•  
  •  
 

Abstract

Since the Civil War, the False Claims Act has served as a tool to combat fraud perpetrated against the government. Early fraud by government contractors during the Civil War was quaint: contractors selling the same horse twice or filling a Union Army contract for sugar with sand. Today, the government recovers billions of dollars annually through actions under the FCA.

Essential to the FCA’s functioning are “relators,” private citizens who serve as whistleblowers incentivized to report fraud by receipt of a percentage of whatever amount the government recovers in damages. The government relies on relators to blow the whistle on fraud—over two-thirds of FCA recoveries since 1986 come from cases brought by relators as whistleblowers. So important are these relators that in 1986 Congress amended the FCA and included an anti-retaliation provision to provide relief for employees who experience retaliation from their employers for reporting fraud.

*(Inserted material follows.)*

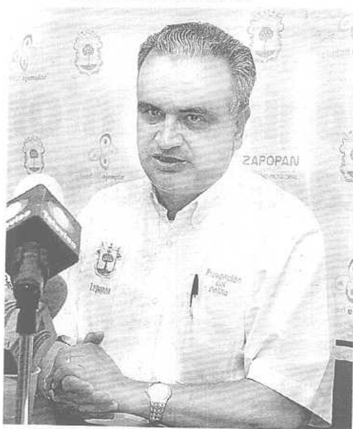
El servidor rechazó que las influencias en el municipio lo favorezcan

This Note discusses a recent circuit split over whether the anti-retaliation provision of the FCA protects former employees against post-termination retaliation by their employers, arguing that the anti-retaliation provision extends to retaliation against former employees. In arguing in favor of a more inclusive definition of “employee” in the FCA’s anti-retaliation provision, this Note explores the history and purpose of the FCA, the legislative history of the FCA’s anti-retaliation provision, and the arguments for and against the inclusion of former employees under the provision’s protections. Finally, this Note calls for Supreme Court intervention or congressional action to clarify that the FCA’s anti-retaliation provision protects former employees from post-termination retaliation.